For the Monotype caster to produce types with the shape of the desired character on their face, a matrix with that character incised in it must be moved to the top of the mold in which the slug will be cast. This is achieved by placing a rectangular array of bronze matrices, each of which is 0.2 inch square, in a holder, called the matrix-case. Originally, it contained 225 matrices, in 15 rows and 15 columns; later versions of the Monotype caster expanded that first to 15 rows and 17 columns (255 matrices), and then to 16 rows and 17 columns (272 matrices).

For type sizes larger than about 12-point, a "large composition" system existed, which used matrices 0.2×0.4, 0.4×0.2, and/or 0.4×0.4 inches to accommodate the larger character sizes. The matrix cases for this system held fewer matrices, often allowing only a single variant on the face, whereas the standard matrix cases had room for several variants (such as roman, bold, italic, small capitals) or a mix of several type faces.

The paper tape that controls casting contains 14 columns of holes that indicate the row of the matrix-case to be used, and 14 columns of holes that indicate the column of the matrix-case to be used. Originally, one row and one column of the matrix-case were indicated by the absence of a hole, and each of the others was indicated by a single hole. When the matrix-case was enlarged, some columns or rows of the matrix-case were indicated by combinations of two holes instead.

The row of the matrix-case on which the matrix for a character is contained also indicated the width of that character. This was one major reason why reconfiguring the keyboard needed to be easy, since the arrangement of characters in the matrix case would be varied with the typeface. A part called the wedge indicated the width corresponding to each row of the matrix-case.

===Mould===
The mould is one of the unique parts of the system, and together with the matrix-case, is the centrepiece of the caster. Its job is to locate under the matrix to case and shape the body of the sort, and then deliver it to the typecarrier, and eventually the galley.

In the most simplistic view, the mould is a square pipe, with a conical funnel at its bottom and the selected matrix at the top.

In detail, the mould does quite a lot more than just being a square pipe. There is a mechanism to control its width, both for casting characters and spaces. The width is set by special parts called wedges. Those are readjusted for each cast, thus controlling the width of the mould, thus the width of the sort or space.

This wedge position depends on the row of the currently cast character in the matrix case, so by setting the letter to be cast, the width of the mould is also set. Just for spaces, there is a second wedge with finer steps, used to set their precise width for each line, so it's "mathematically" justified.

For the casting operation, the mould width is set, and it is placed above the conical metal injector, and below the matrix. The injector is raised and fits into the conical funnel at the base of the mould, ensuring precise positioning. At the same time, a pin is pressed to a round depression on the top of the selected matrix, ensuring its precise positioning and tight contact with the mould.

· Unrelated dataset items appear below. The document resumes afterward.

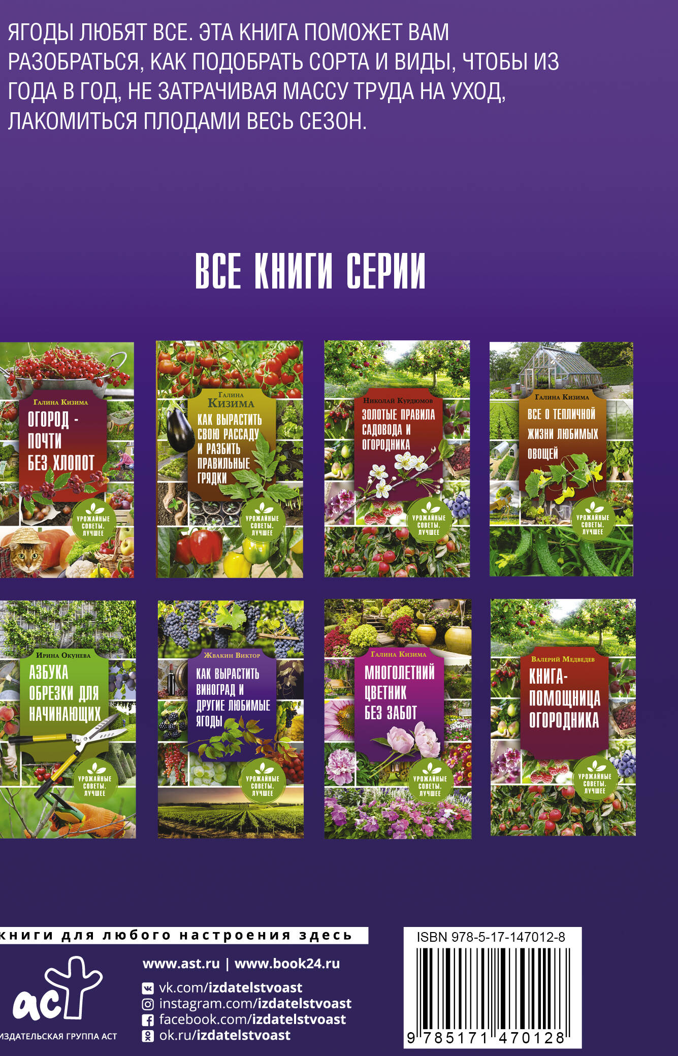 Ягоды любят все. Даже состоятельные владельцы загородных домов просят ландшафтных дизайнеров предусмотреть в плане благоустройства участка место для малины, смородины, крыжовника. А еще в последние годы у жителей средней полосы и севера России особым спросом пользуется виноград, ведь он дарит не только солнечные гроздья, но и очень декоративен. Неизменный интерес к ягодным кустарникам не случаен. Ведь при правильном подборе сортов и видов из года в год их плодами можно лакомиться весь сезон. Особого ухода они, как правило, не требуют. Но у каждой культуры есть свои «фирменные» особенности. О них вы и узнаете из этой книги.| Издательство | Издательство "АСТ" |
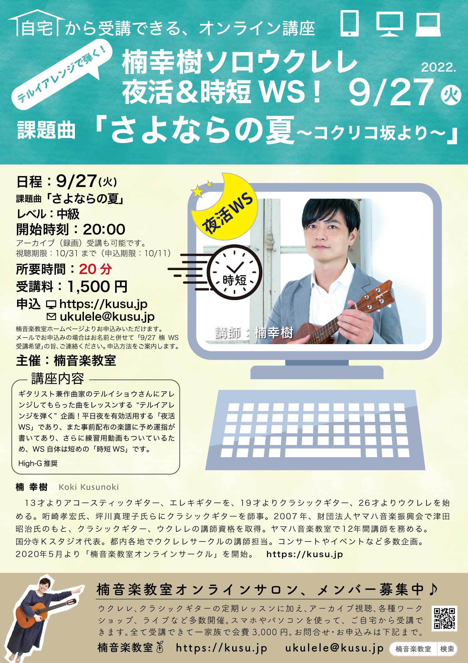 【アーカイブ】9/27(火)20:00- 楠幸樹ソロウクレレWS「さよならの夏」
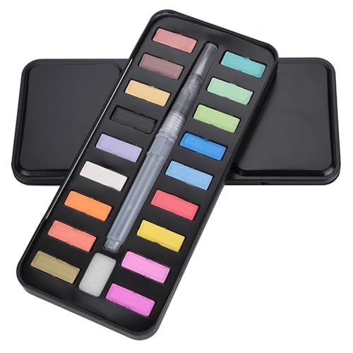 ZIXINNKC Coffret de peinture aquarelle solide, pigment soluble, pinceau pour dessin et peinture. (24 couleurs)
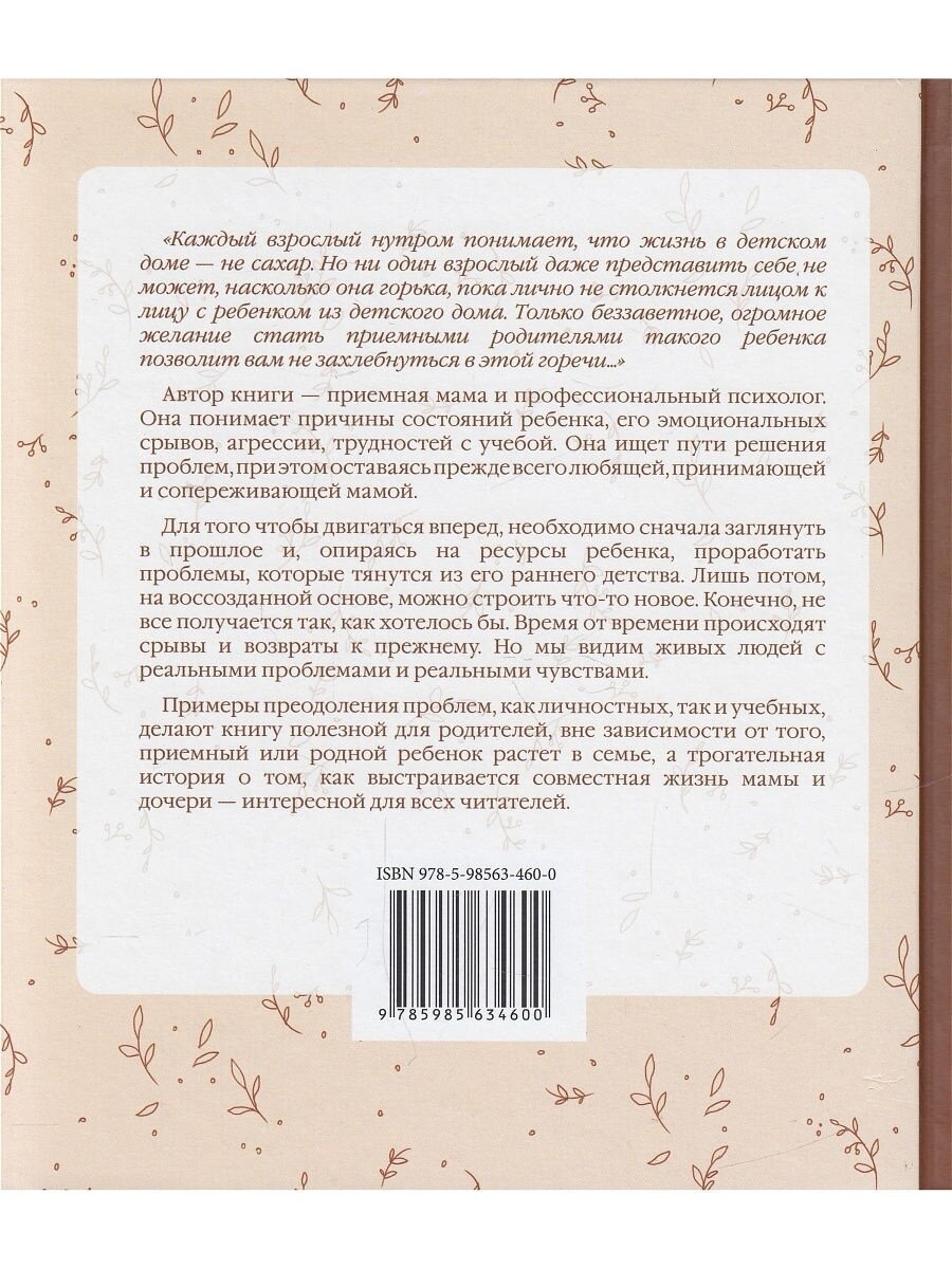 .Эта книга уникальна: шаг за шагом в ней отражается непростой процесс "отогревания" ребенка, попавшего из детского дома в приемную семью, процесс взаимной адаптации, полный радости и горечи. Автор - профессиональный психолог, поэтому она хорошо видит причины эмоциональных срывов, фантазий, агрессии ребенка, проблем с границами, общением и учебой. И, выделяя составляющие каждой проблемы, выбирает конкретные пути ее решения. Но при этом остается прежде всего любящей, принимающей, тонко чувствующей и сопереживающей мамой непростого ребенка.
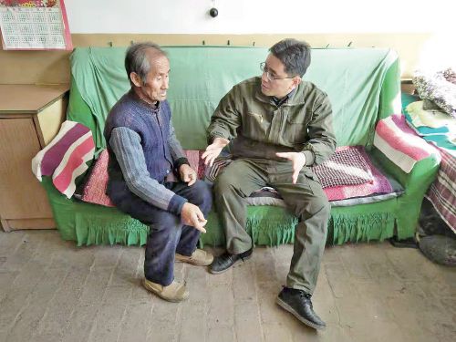 连李生与村里老党员宁保孩促膝谈心。资料图
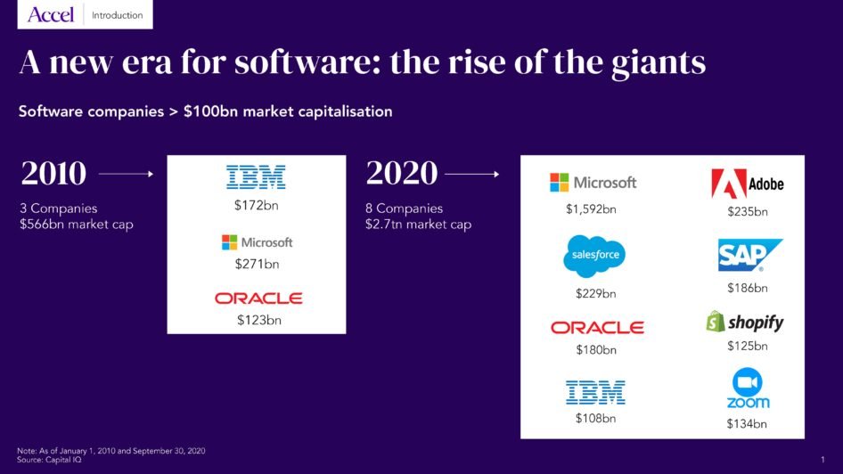 Software has been eating the world for 30 years now, but looking at the acceleration we have seen in the past decade, software has entered a new era: “the rise of the giants”. There are now eight software companies north of a $100 billion market cap, representing $2.7 trillion of market value. This is a big jump vs. 2010 when we only had three companies (Microsoft, Oracle and IBM) valued just over $550 billion. What’s even more impressive is the new generation, with 75 public cloud companies valued above $1 billion vs eight companies in 2010 and 26 of these companies are already above $10 billion.
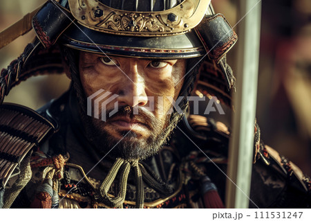 強烈な視線の鬼侍のポートレート、抽象的なインクと水墨画アート
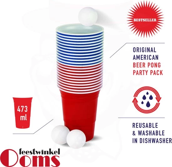 | Verpakkingsinhoud | 25, bekers, 3, ping, pong, ballen |
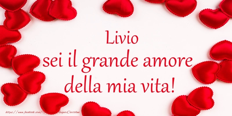 Livio sei il grande amore della mia vita! | Cartolina con bordo di cuori rossi | Cartoline d'amore
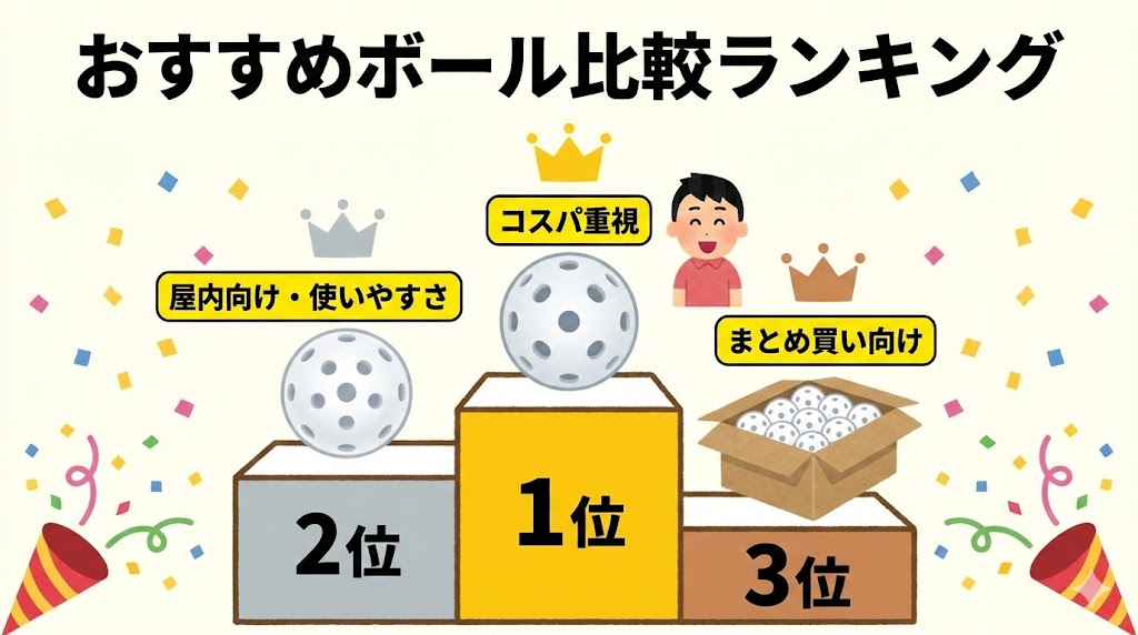 ランキング形式という表現ではありますが、特定の商品名ではなく、どのようなタイプのボールが初心者に向いているかという観点で整理しています。

The metal is injected with some pressure, and almost immediately the injector and the pin retreat, releasing the mould to rush to the ejection site and back, to have its wedges adjust for the next cast, and releasing the matrix-case to position the next character to be cast.

Another part of the mould is called the crossblock. While the metal is injected into the mould, it seals the room where the character is formed. When the cast is done, the now solid metal needs to leave the mould. The crossblock will move to the side of the machine. When the crossblock travels: starting above the metal injector and below the matrix, it travels to the ejection site, shaving the foot of the sort as it moves.

When the crossblock is at its maximum, the mould-blade will push the sort inside the typecarrier. This piece moves in front the mould-opening and takes the sort in. A spring inside the typecarrier holds the sort such that it can not turn. The crossblock and the typecarrier move back, and the character is pushed inside the character-channel. At the same moment the next sort is cast.

The typecarrier is firmly connected to the crossblock of the mould, and it controls the movement of the crossblock.

Inside the character-channel the line is built, until it is finished, and a combined 0075-0005 code instructs the caster to move the finished line at the galley.

This all takes less than half a second – the caster casts 140 sorts a minute or better in all but the earliest models, depending on the size of the font cast.

The mould is water-cooled, through special passages, or cavities. This enables it to cast at a high rate without getting too hot to continue. Special mould oil is used to lubricate the moving pieces inside of the mould and prevent buildup of carbon particles due to the very high temperatures inside the mould.

===Justification===
The width of each sort cast on the Monotype varied from 4 to 18 units. (A special attachment could reduce the minimum to 3 units.) The maximum width of 18 units corresponded to one em, the set width of the typeface. Thus, if a typeface was described as "12 set", 18 units would correspond to 12 points (one pica).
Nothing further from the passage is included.